Just as Canada – the “True North Strong and Free” – perceives the North Pole to be rightfully Canadian, Russia views the North Pole as part of its own legitimate territory. The recent journey of the Olympic torch to the North Pole on board the Russian icebreaker 50 Let Pobedy clearly inscribed the top of the world into the Russian geo-body, particularly since the rest of the relay is taking place within Russia’s national boundaries. The North Pole (and equally outer space) were therefore not so much international stops along the relay as domestic stops. Denmark has a dog in the fight for the North Pole, too, but since the country would be claiming the Lomonosov Ridge through Greenland, which is becoming more independent every year, and since Denmark is already so small, the Danish territorial imperative to ensuring that the North Pole ends up with a red and white crossed flag on top is actually weaker.

The day after Canada made public its claims to its continental shelf in the Arctic, Putin announced in televised remarks at a meeting of the Defense Ministry Board, “I would like you to devote special attention to deploying infrastructure and military units in the Arctic.” He also discussed the government’s plans to rebuild runways on the Novosibirsk Archipelago (New Siberian Islands), abutting the Northern Sea Route between the Laptev and East Siberian Seas. Putin argued that these islands “have key meaning for the control of the situation in the entire Arctic region.” These plans were initially released in September 2013, and the meeting, too, had been scheduled long before John Baird’s announcement. Yet the gathering of the Defense Ministry Board provided an opportune moment for Putin, who has even more of a penchant for showboating in the Arctic than Stephen Harper, to respond publicly to Canada’s statements about the North Pole. He would not miss a chance to let anyone forget that Russia is continuing to beef up its presence up north – even as the countries work together in the Arctic Council.

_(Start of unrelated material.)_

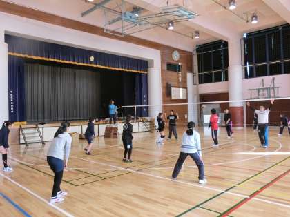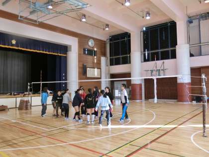 10日(土)の午後2時から、バレーボール教室が体育館で行われました。今回は、実践練習として、6年生チーム対先生チームでゲームをしました。ゲームを重ねていくうちに、6年生にこれまで以上の連帯感が生まれ、声が出るようになったり、ボールを何とかつなごうとしたりしていました。4年生と5年生は隣りのコートで、ゲームをして楽しみました。

Map of New Siberian Islands. (c) topwar.ru
Map of New Siberian Islands. (c) topwar.ru

Putin is correct in saying that the New Siberian Islands are important. They, along with other bottlenecks in the Arctic such as the Bering Strait and the GIUK (Greenland-Iceland-UK) Gap, are in fact more strategic for controlling the region than the remote North Pole in the middle of the ocean. We should therefore pay attention to state actions in and around these bottlenecks rather than to political posturing for more arbitrary points on the map.

Still, Russia and Canada will continue to wage a war of words over the North Pole, which holds an immense amount of symbolism for the never-ending project of constructing the national geo-body in both countries. The pursuit of the North Pole is therefore not about oil or minerals. It’s about territory and identity.

Sources

[1] Blinnikov, M. (2011). A Geography of Russia and Its Neighbors. New York: The Guilford Press. p. 11.

[2] Tester, F. and Kulchyski, P. (1994). Tammarniit (Mistakes): Inuit Relocation in the Eastern Arctic, 1939-1963. Vancouver: UBC Press. p. 114.